It must be connected directly.  Just because it reports capacity doesn't mean that there is at least a reasonable chance.  The deal is if it DOESN'T report capacity, that there is zero chance.   You need a recovery lab if you want your data.  
Ran the pcinspector software on the drive and could view the data.  This is obviously a good sign since all the other utilities i tried before cant even open or view any drive information.  I can see all the windows folders and documents and settings etc.  Will run the file recovery feature now and see what happens.  Much cheaper than the 500 for recovery lab if it works.  The data is not that critical anyway my friend said so really doing this to see if i will have a good utility for down the road when data is important for one of my clients.  Will let you know if it works.

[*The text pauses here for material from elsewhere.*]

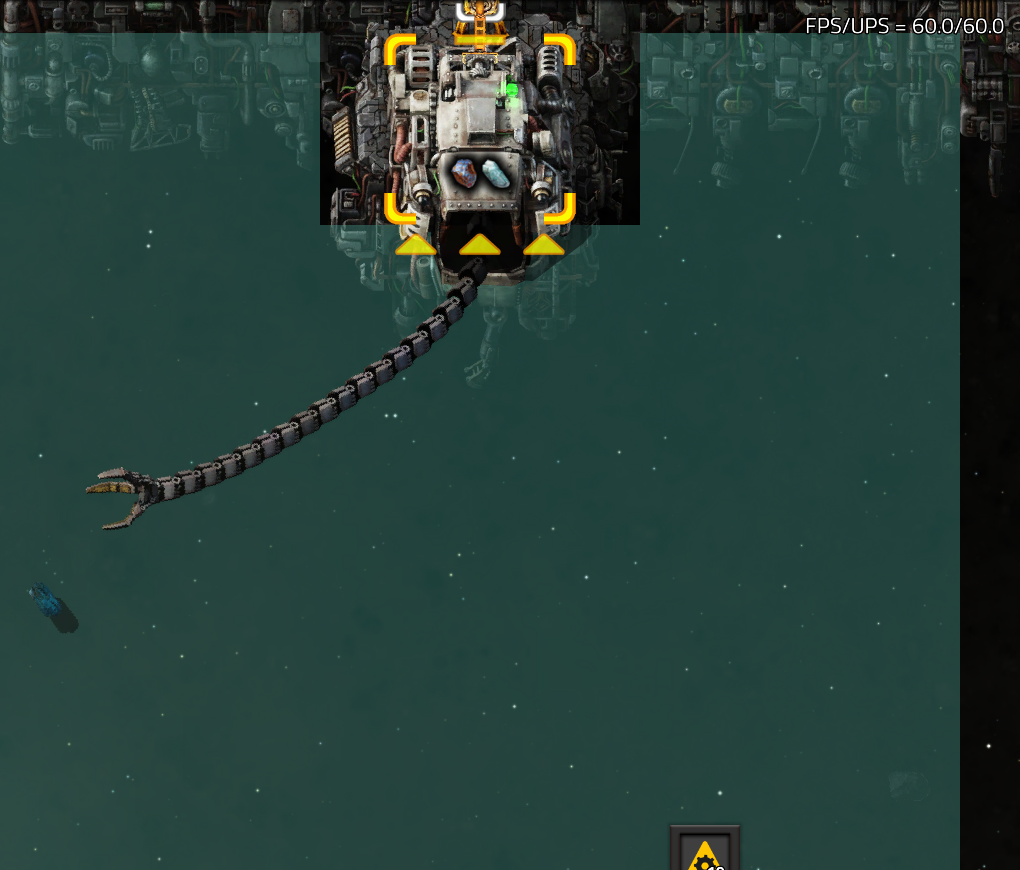 >>555177041>now collectors don't acknowledge previously blacklisted chunksas inyou blacklisted the chunk type for a short period of time, it got "marked", then you stopped blacklisting the chunk type, and now it won't pick it up?that's weird, butWHY are you blacklisting if you don't have plenty of chunks alreadythere's a solution to chunk filtering and belt managementwhich I'm 90% certain is better than whatever you're doing, and will let you update the game>sushi belt that runs around the ship>circuit connection on belt, read whole connnected belt contents>add this together with a constant combinator that has 1 signal of each asteroid type>feed this into a circuit which outputs anything that isn't above the limit>configure the limit to be 1/4 of the belt's capacity, 3 types means there's always space>this output signal then goes to all of the collectors, which pick up chunks that the system is low onAlso, if you're just making steel with a platform, and don't have asteroid reprocessing, then just collect only the metallic asteroids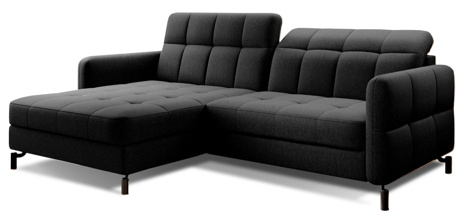Lorelle is a stylish, elegant and modern corner sofa for our times, which is not only a functional piece of furniture, but can also work perfectly as an apartment decoration. L-shaped Lorelle - with dimensions of 225 x 160 x 105 cm - guarantees spaciousness and comfort during the day, as well as maximum comfort on the sleeping surface of 200 x 110 cm - at night. Thanks to the automatic and intuitive dolphin-type mechanism, unfolding the bed to the sleeping function is pleasant and completely uncomplicated. The advantage of this model is also the capacious storage compartment - a place for bedding - which is located in the ottoman. Positive sensations are enhanced by the way the furniture is made through a B-type corrugated spring, as well as HR + T25 foam, thanks to which the body is stabilized and properly supported while resting. Such a combination provides users, a sense of maximum comfort. Among the distinguishing features of this model, we can certainly include careful, modern finishing, a wide choice of colors, as well as original, stylish black legs of irregular shape. If you are looking for a breath of freshness and an interesting, elegant finish - Lorello will certainly be perfect for you. It is worth applying such a solution in your apartment.

note that - even after recovering all data- you 'll have to open it in order to see if it is actually ok.
Hi, just finished the recovery using pcinspector and was able to get all the documents and pictures.  Yes i did check it to make sure it was ok and copied it to another drive and will give back to my friend later today,  He will be pretty happy i'm sure thanks to your help.  This software worked and was free, not a bad deal.  I will probably buy the full version as it also monitors your drive to warn you of impending drive failure which is always better than waiting for the actual disaster to strike.  thanks again for all the help!
Most BIOS have an option (S.M.A.R.T.) which can be turned on and off. If that is turned on you get those same warnings whenever you boot the PC. If there is no such option, and the PC isn't really old, you can assume it is turned on anyway. So for that you don't really need an extra software utility which has to run in the background and eat resources. Also, SMART isn't capable of catching all faults, some drives will just stop working in one blink and not warn you before hand.
did you get all your files OK?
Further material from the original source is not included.